About Detectron2 on TensorRT

Chieh · April 28, 2020, 8:35am

Description

Hi all,

I wonder did anyone successfully convert the detectron2 model to TensorRT engine? Besides, did anyone try the detectron2 model on TensorRT?

I was trying the detectron2 model on TensorRT; however, I met two significant troubles during converting the Detectron2 model by two ways.

First Issue

I was using the official file, caffe2_export.py, to export the onnx model on Detectron2 GitHub. Please check this part from codes. After I tested it, I got this wrong below:

RuntimeError:No such operator caffe2::AliasWithName

The command is quite similar with the instructions from here.

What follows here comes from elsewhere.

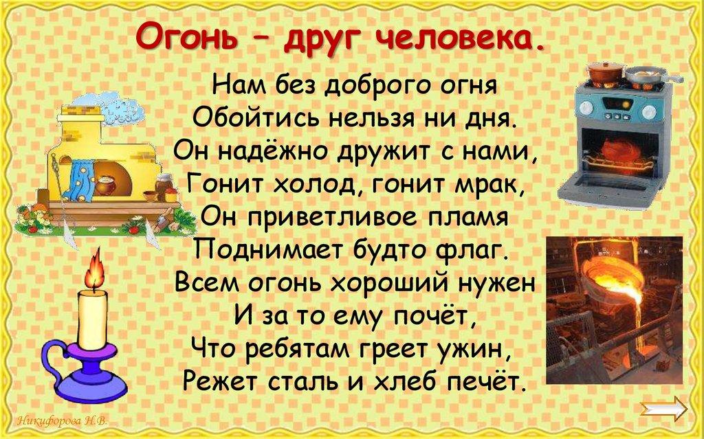 Огонь – друг человека.Нам без доброго огня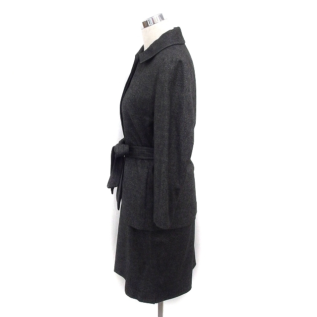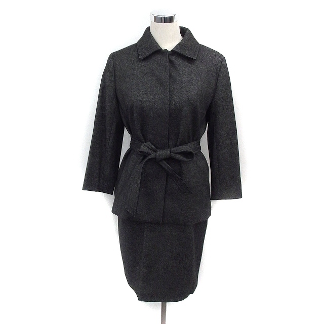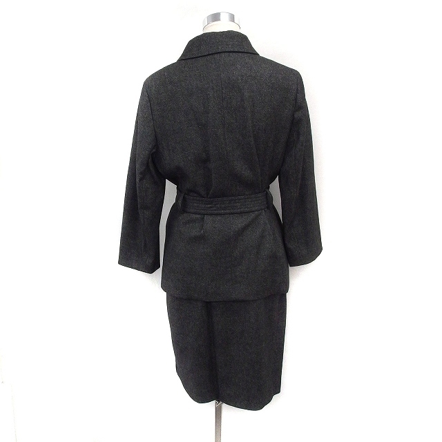 23区 オンワード樫山 スカートスーツ ステンカラージャケット & ミニ 台形スカート ツイード 44 46 チャコールグレー /FT1 レディース

The environment setting of testing was on Windows with Pytorch v1.3.2.

Environment setting

GPU Type: GTX 1080 TI
Nvidia Driver Version: 431.86
CUDA Version: 10.0
CUDNN Version: 7.6.3
Operating System + Version: Win10
Python Version (if applicable): 3.6
TensorFlow Version (if applicable): 1.4
PyTorch Version (if applicable): 1.31

Second Issue

I also tried to use the torch.onnx.export function to export the model.
However, I met the significant problem that there is a python class issue on such as post-processing or many places if it needs to use the class. For example, the ROI Align or post-processing part were written by python class in the detectron2 model, but onnx seems unable to handle python class. I think this issue is quite serious if someone desires to use it with the TensorRT. Currently, I can successfully export the onnx model which only includes the backbone and FPN. (I will show the detail steps to reproduce it below.) Is there any possible to export an entire Detectron2 of onnx model?

Environment setting

GPU Type: GTX1080
Nvidia Driver Version: 445.74
CUDA Version: 10.0.130
CUDNN Version: 7.6.0
Operating System + Version: Windows 10 10.0.18363
Python Version (if applicable): 3.6.5
PyTorch Version (if applicable): 1.3.1

Reproduce

Reproduce my first issue:

git clone from detectron2
Run tools/deploy/caffe2_converter.py and successfully export the onnx model.
(Instructions: Deployment — detectron2 0.6 documentation)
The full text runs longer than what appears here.